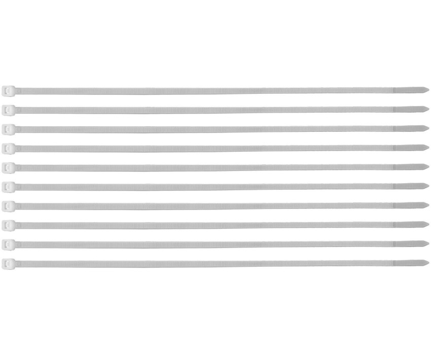 Белые пластиковые хомуты Сибртех 45537, 350 х 4,8 мм, 50 шт. в упаковке, используются для стяжки кабелей, закрепления трубок, шлангов, рекламных конструкций, а также для упаковки различных предметов. Пригодятся во время прокладки электрических и локальных вычислительных сетей, ремонта компьютерной техники, оформлении торговых стендов, комплектовании товара, будут также полезны дома, на даче и в гараже. Преимущества Надежные соединения — кабельные стяжки изготовлены из прочного нейлона. Возможность проведения наружных работ — хомуты устойчивы к ультрафиолету и сохраняют свои свойства при температуре от -35 до +85 ℃. 50 штук в упаковке — набора хватит надолго.
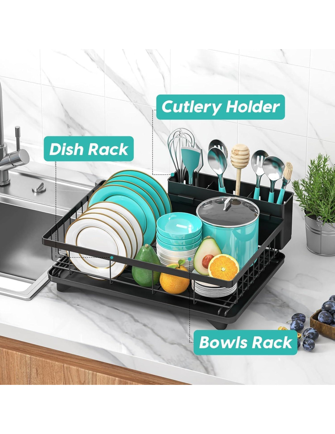 - [Estructura Robusta y Fácil Instalación] El estante para secar platos negro MERRYBOX consiste en un área para tazones y tazas, área para platos, un soporte para cubiertos de tres agujeros. Todos los componentes son desmontables, y la instalación se puede completar en 1 minuto sin herramientas. La estructura robusta de nuestro estante para platos para encimera de cocina asegura estabilidad y durabilidad.
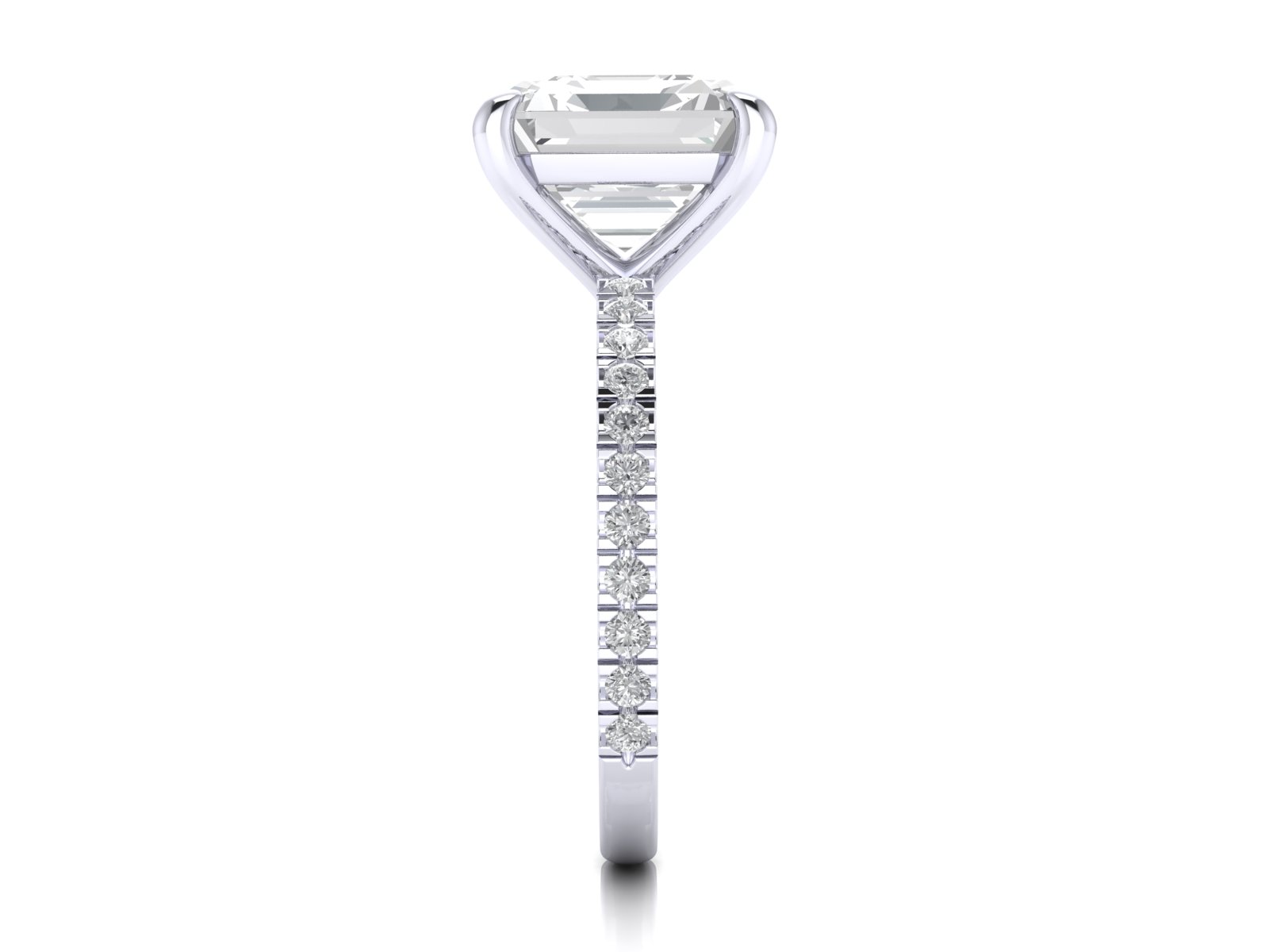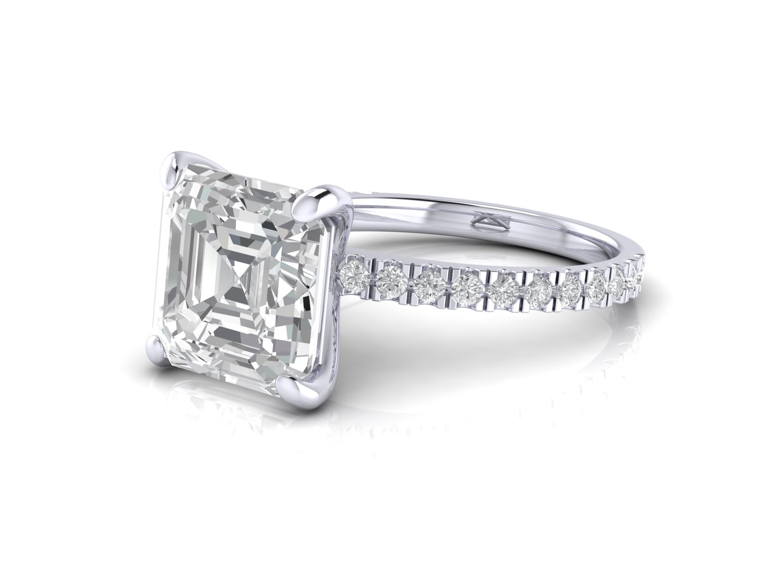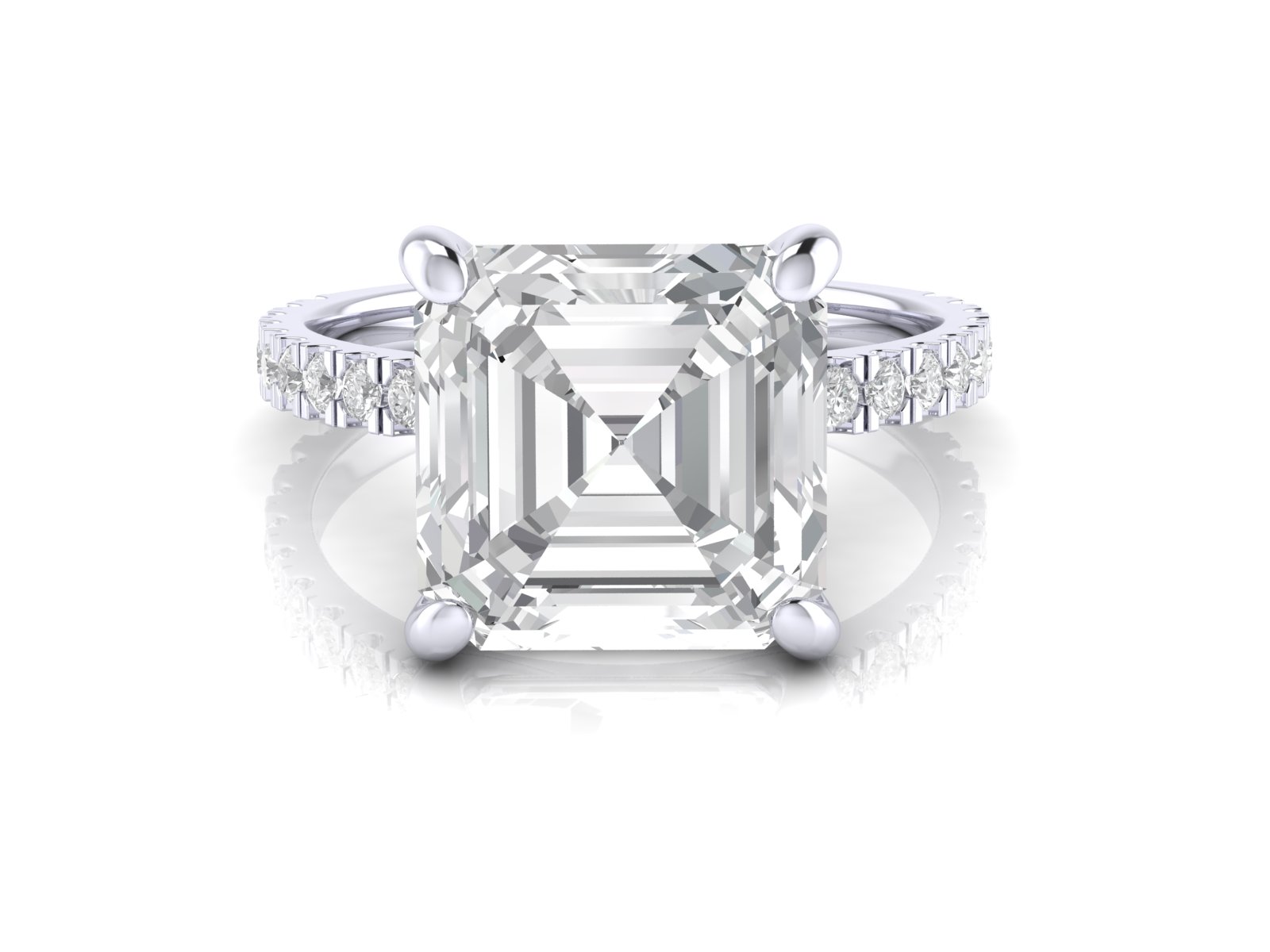 The bold and symmetrical asscher cut centre stone set on a diamond band.
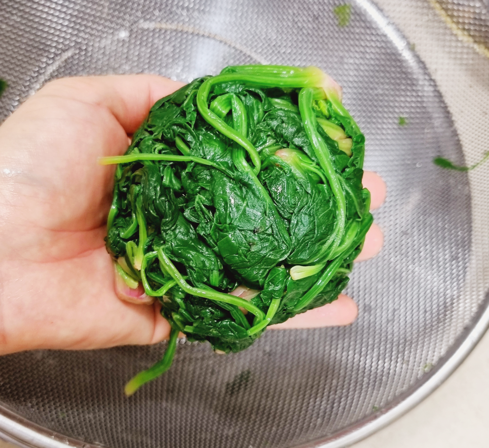 양념을 하기 위해 시금치를 살짝 짜줍니다.
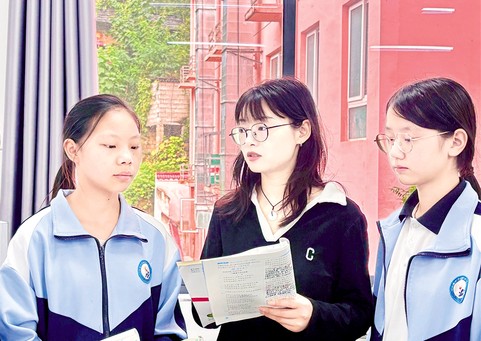 吳雙雙與學(xué)生探討問題
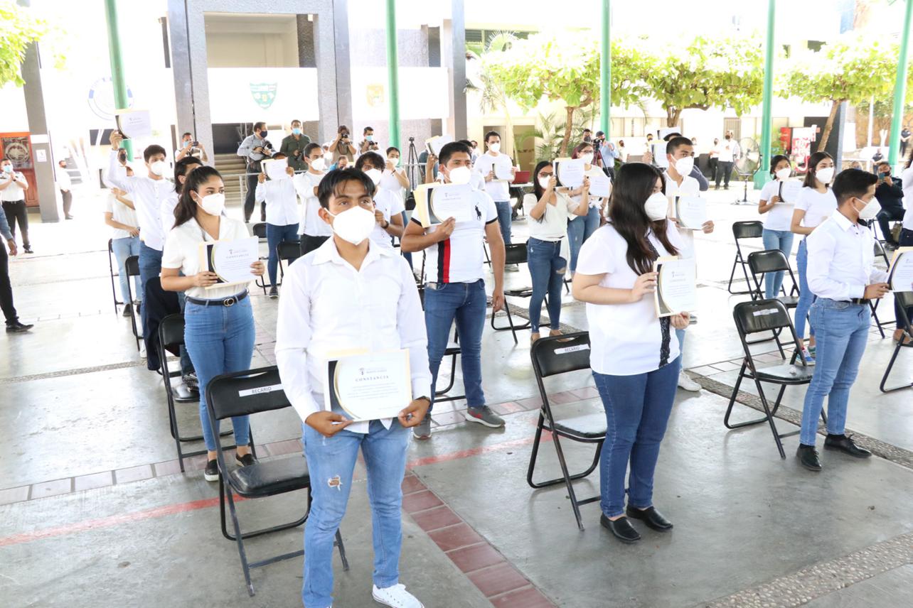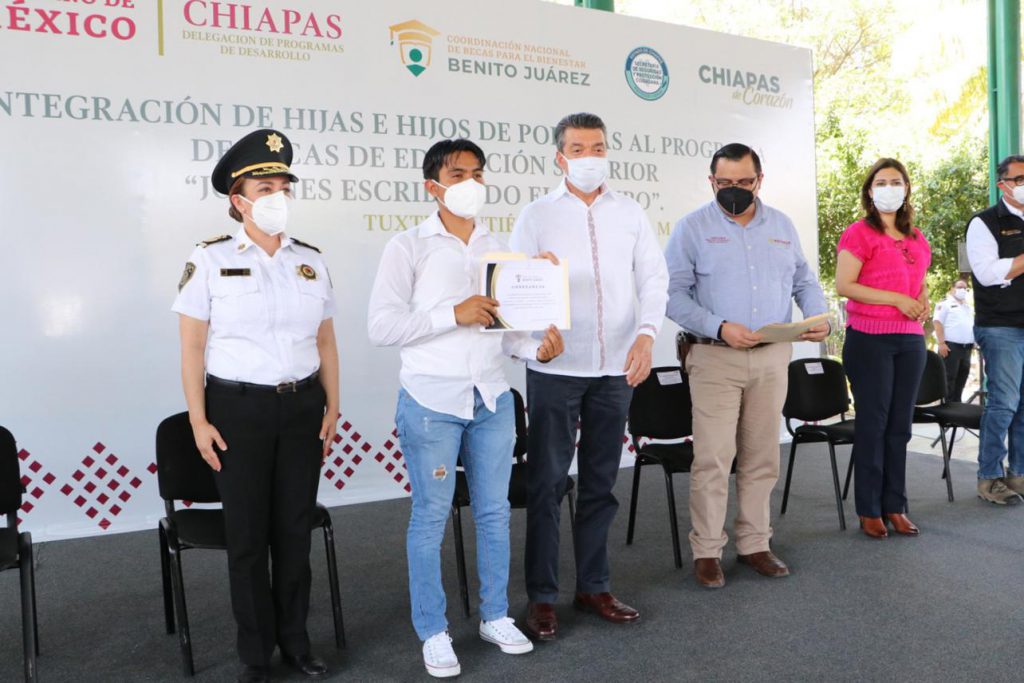 Estuvieron presentes: la secretaria de Educación, Rosa Aidé Domínguez Ochoa; el titular de la Oficina de Representación de la Coordinación Nacional de Becas para el Bienestar “Benito Juárez” en Chiapas, Jesús Ernesto Gómez Pananá; el inspector Marco Antonio Méndez Balcázar, padre de uno de los becarios; así como las y los jóvenes beneficiados, entre otros.
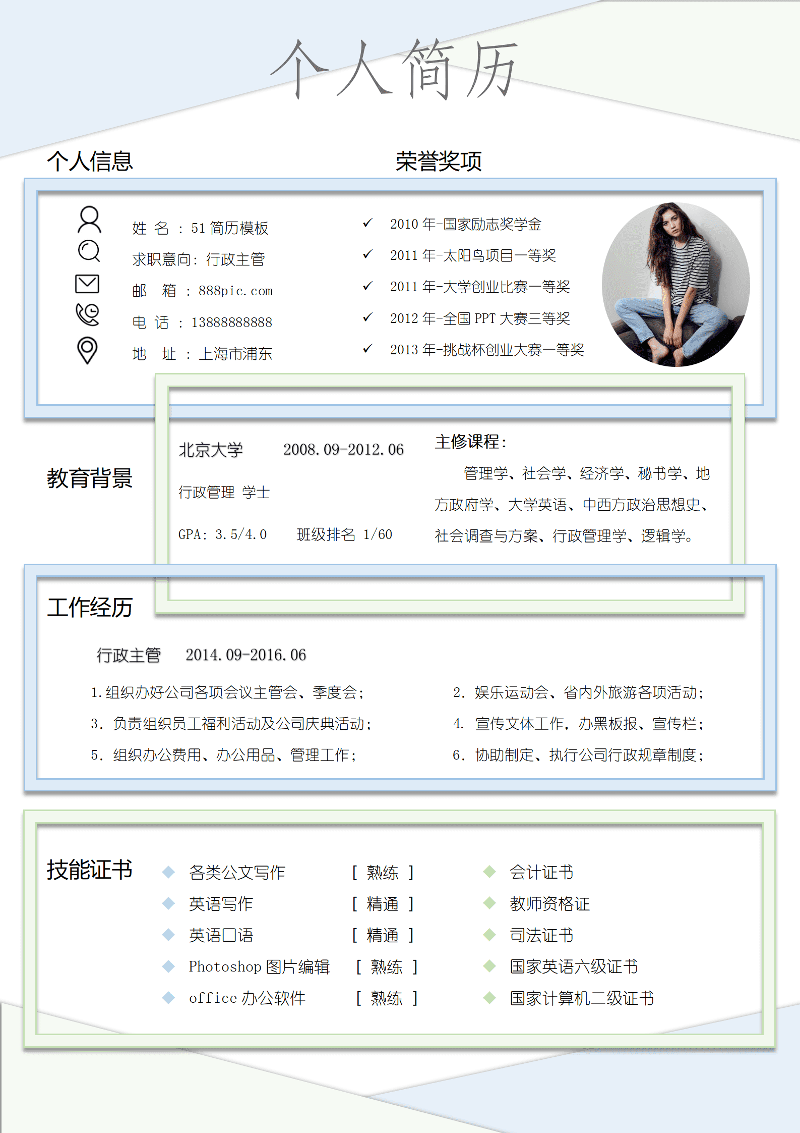 行政文职办公助理类岗位求职简历模板
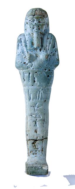 Statuina funeraria mummiforme che indossa una parrucca tripartita e la barba divina. Le mani incrociate e affiancate portano la destra una zappa e la sinistra un piccone. Dalla spalla sinistra pende una sacca. Il pilastro dorsale è presente e forma un tutt’uno con la piccola base. L’iscrizione frontale è a forma di T.

→ **Task instructions**: Print the material above exactly as it appears, but not its pictures.

→ **Result below**:
 Белые пластиковые хомуты Сибртех 45537, 350 х 4,8 мм, 50 шт. в упаковке, используются для стяжки кабелей, закрепления трубок, шлангов, рекламных конструкций, а также для упаковки различных предметов. Пригодятся во время прокладки электрических и локальных вычислительных сетей, ремонта компьютерной техники, оформлении торговых стендов, комплектовании товара, будут также полезны дома, на даче и в гараже. Преимущества Надежные соединения — кабельные стяжки изготовлены из прочного нейлона. Возможность проведения наружных работ — хомуты устойчивы к ультрафиолету и сохраняют свои свойства при температуре от -35 до +85 ℃. 50 штук в упаковке — набора хватит надолго.
 - [Estructura Robusta y Fácil Instalación] El estante para secar platos negro MERRYBOX consiste en un área para tazones y tazas, área para platos, un soporte para cubiertos de tres agujeros. Todos los componentes son desmontables, y la instalación se puede completar en 1 minuto sin herramientas. La estructura robusta de nuestro estante para platos para encimera de cocina asegura estabilidad y durabilidad.
 The bold and symmetrical asscher cut centre stone set on a diamond band.
 양념을 하기 위해 시금치를 살짝 짜줍니다.
 吳雙雙與學(xué)生探討問題
 Estuvieron presentes: la secretaria de Educación, Rosa Aidé Domínguez Ochoa; el titular de la Oficina de Representación de la Coordinación Nacional de Becas para el Bienestar “Benito Juárez” en Chiapas, Jesús Ernesto Gómez Pananá; el inspector Marco Antonio Méndez Balcázar, padre de uno de los becarios; así como las y los jóvenes beneficiados, entre otros.
 行政文职办公助理类岗位求职简历模板
 Statuina funeraria mummiforme che indossa una parrucca tripartita e la barba divina. Le mani incrociate e affiancate portano la destra una zappa e la sinistra un piccone. Dalla spalla sinistra pende una sacca. Il pilastro dorsale è presente e forma un tutt’uno con la piccola base. L’iscrizione frontale è a forma di T.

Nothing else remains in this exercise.